*** Recorded data Section Begins ***
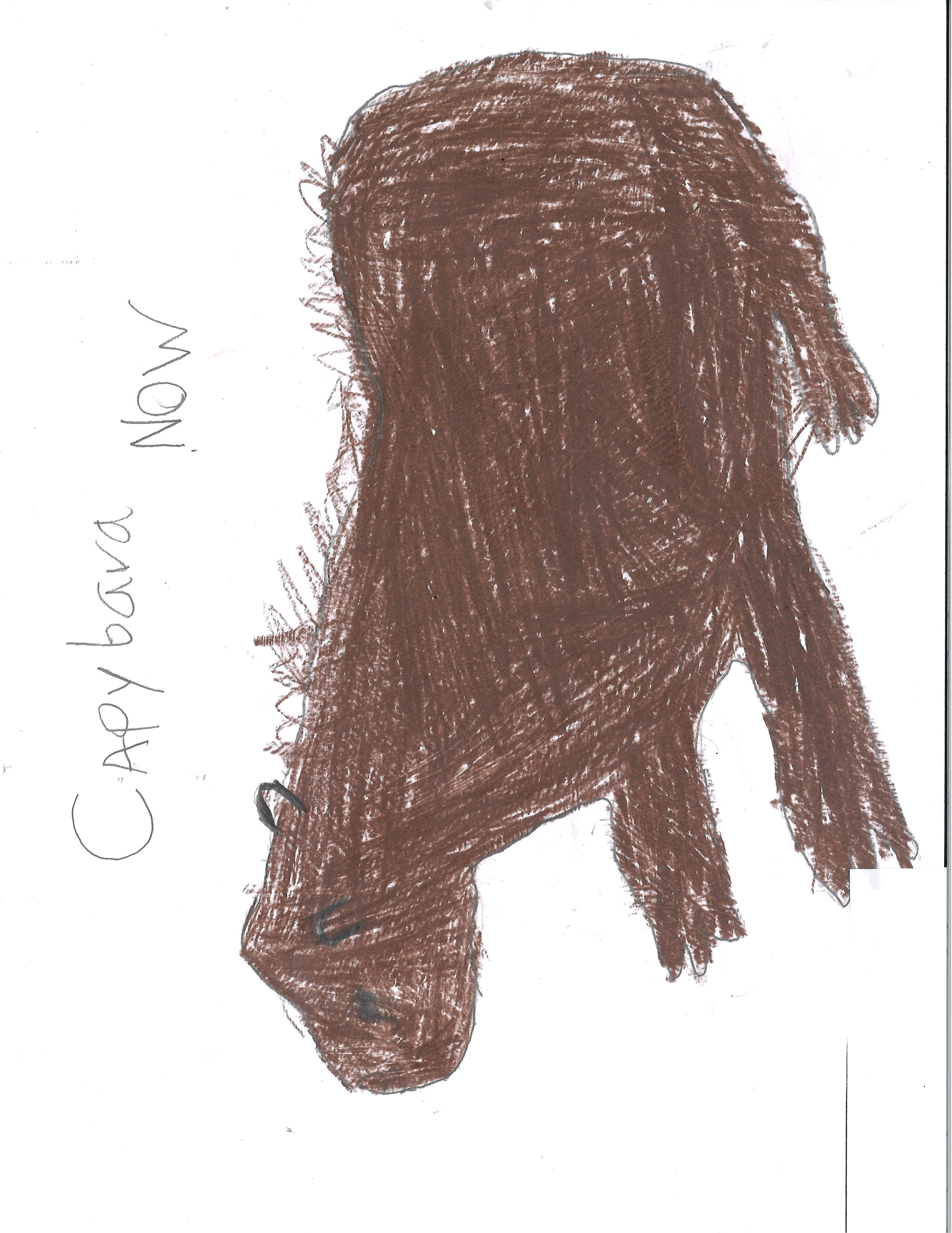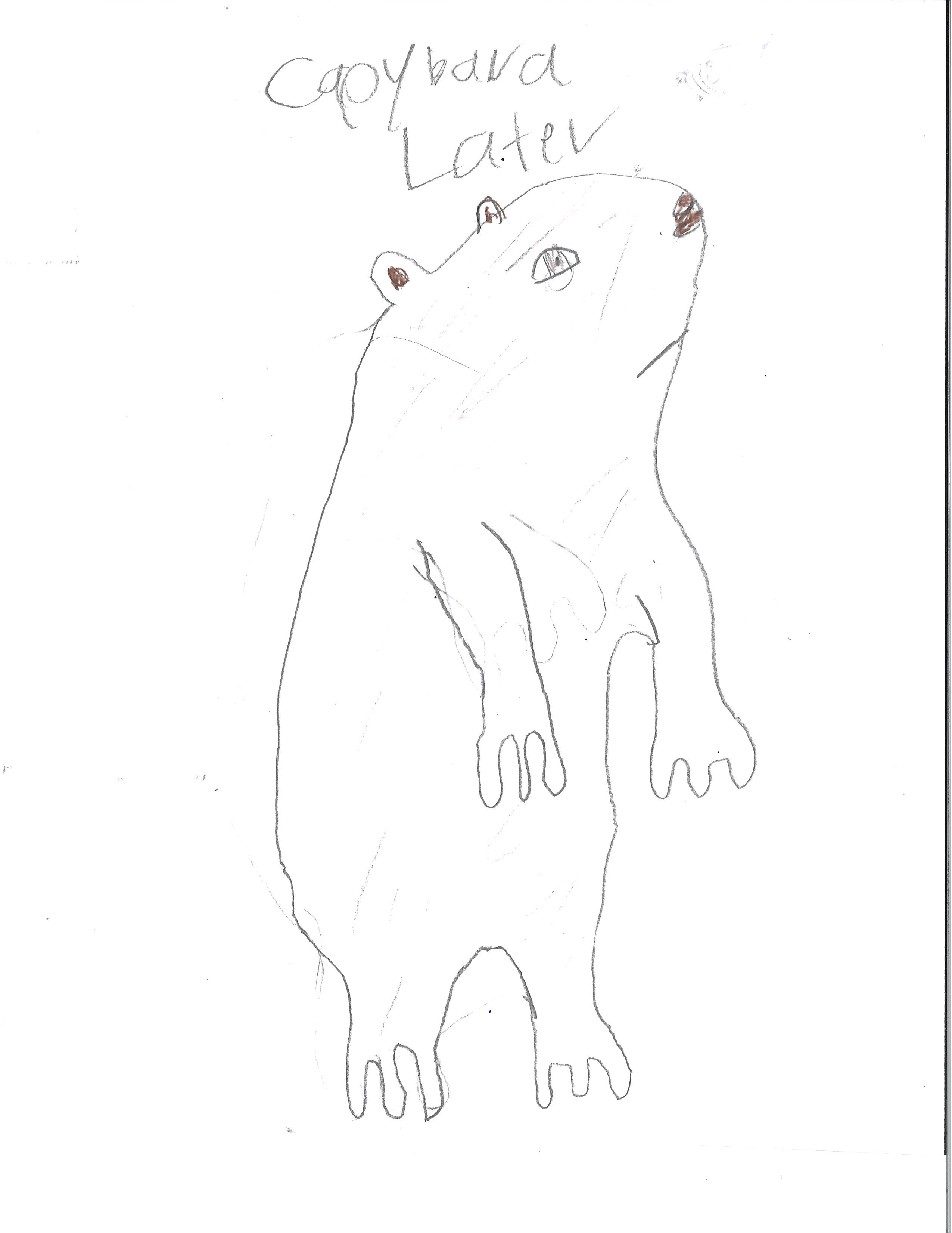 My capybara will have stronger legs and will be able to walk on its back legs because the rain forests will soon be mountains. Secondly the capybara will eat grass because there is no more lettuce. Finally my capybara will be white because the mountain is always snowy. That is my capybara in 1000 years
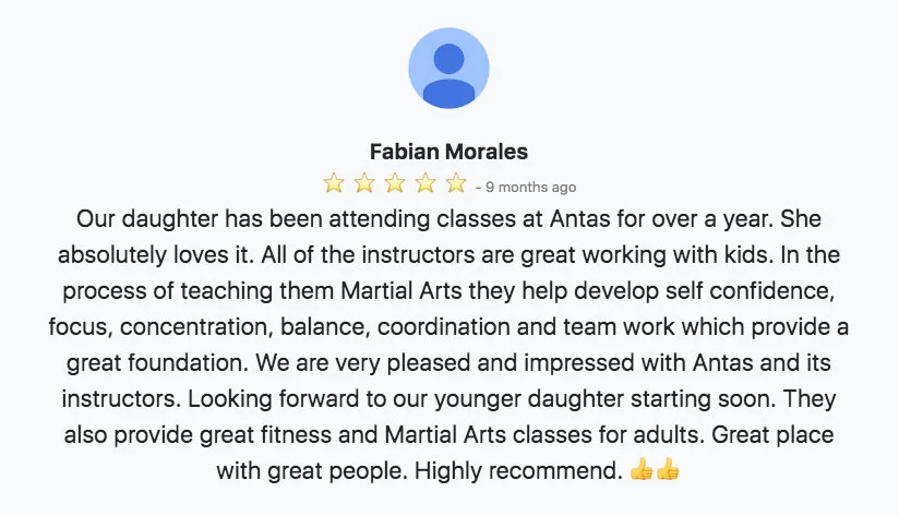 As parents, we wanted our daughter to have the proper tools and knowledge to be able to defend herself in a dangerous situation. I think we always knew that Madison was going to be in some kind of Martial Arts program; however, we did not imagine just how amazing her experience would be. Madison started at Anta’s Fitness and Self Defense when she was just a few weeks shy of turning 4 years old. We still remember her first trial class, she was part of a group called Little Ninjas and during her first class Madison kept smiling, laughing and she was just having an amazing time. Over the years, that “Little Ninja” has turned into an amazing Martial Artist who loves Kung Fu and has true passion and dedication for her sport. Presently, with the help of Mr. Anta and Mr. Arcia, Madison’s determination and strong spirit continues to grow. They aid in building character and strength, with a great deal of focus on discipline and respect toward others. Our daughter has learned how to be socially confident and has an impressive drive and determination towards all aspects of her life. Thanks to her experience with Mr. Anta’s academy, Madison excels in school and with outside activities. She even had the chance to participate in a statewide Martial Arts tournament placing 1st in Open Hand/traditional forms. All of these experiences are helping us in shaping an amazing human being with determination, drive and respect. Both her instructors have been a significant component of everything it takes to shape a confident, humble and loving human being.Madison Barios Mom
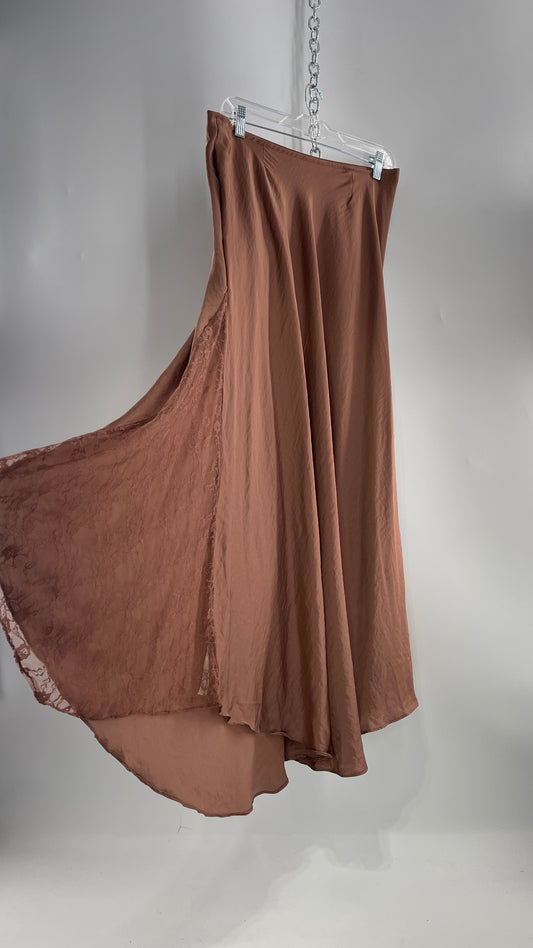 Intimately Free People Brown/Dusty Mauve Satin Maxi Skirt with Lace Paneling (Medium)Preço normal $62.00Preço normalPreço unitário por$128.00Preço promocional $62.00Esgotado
*** Recorded data Section Ends ***
Task item -
Every line from the start of the listing above through the line with "As parents, we" should be repeated exactly; skip the pictures and add nothing else.

Expected output -
 My capybara will have stronger legs and will be able to walk on its back legs because the rain forests will soon be mountains. Secondly the capybara will eat grass because there is no more lettuce. Finally my capybara will be white because the mountain is always snowy. That is my capybara in 1000 years
 As parents, we wanted our daughter to have the proper tools and knowledge to be able to defend herself in a dangerous situation. I think we always knew that Madison was going to be in some kind of Martial Arts program; however, we did not imagine just how amazing her experience would be. Madison started at Anta’s Fitness and Self Defense when she was just a few weeks shy of turning 4 years old. We still remember her first trial class, she was part of a group called Little Ninjas and during her first class Madison kept smiling, laughing and she was just having an amazing time. Over the years, that “Little Ninja” has turned into an amazing Martial Artist who loves Kung Fu and has true passion and dedication for her sport. Presently, with the help of Mr. Anta and Mr. Arcia, Madison’s determination and strong spirit continues to grow. They aid in building character and strength, with a great deal of focus on discipline and respect toward others. Our daughter has learned how to be socially confident and has an impressive drive and determination towards all aspects of her life. Thanks to her experience with Mr. Anta’s academy, Madison excels in school and with outside activities. She even had the chance to participate in a statewide Martial Arts tournament placing 1st in Open Hand/traditional forms. All of these experiences are helping us in shaping an amazing human being with determination, drive and respect. Both her instructors have been a significant component of everything it takes to shape a confident, humble and loving human being.Madison Barios Mom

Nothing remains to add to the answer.